St John Chrysostom: Did not Christ say, No man hath seen God at any time: the only begotten Son who is in the Bosom of the Father, he hath declared him (Jn 1:18), and elsewhere: Not that any man hath seen the Father: but he who is of God, he hath seen the Father? (Jn 6:46). Was not Moses told by God that no man shall see me and live? (Exodus 33:20). How is it then that Isaiah can claim to have seen the Lord? We do not have a contradiction here. Christ was speaking about apprehending God in all his fulness which no human being can do….This fulness Isaiah did not behold, nor Moses, nor any human being, a fact indicated here by the statement that he saw God sitting on a throne. God, however, does not sit, having no bodily form; nor is he limited or restricted, but everywhere, filling everything, and not circumscribed to a throne (Comm. on Isaiah)

Isa 6:6  And one of the seraphims flew to me, and in his hand was a live coal, which he had taken with the tongs off the altar.

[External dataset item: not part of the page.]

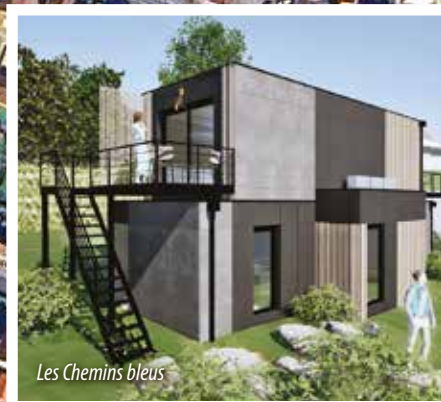
Les Chemins bleus

Isa 6:7  And he touched my mouth, and said: Behold this hath touched thy lips, and thy iniquities shall be taken away, and thy sin shall be cleansed.
Isa 6:8  And I heard the voice of the Lord, saying: Whom shall I send? and who shall go for us? And I said: Lo, here am I, send me.

Isaiah lamented that he was not worthy of offering praise to God with his lips as the seraphim do, but now, having his lips cleansed by a seraph, purging his sins (6, 7), he will be sent to his people of unclean lips (5) in order to speak to them things they do not want to hear (Isa 6:8-9).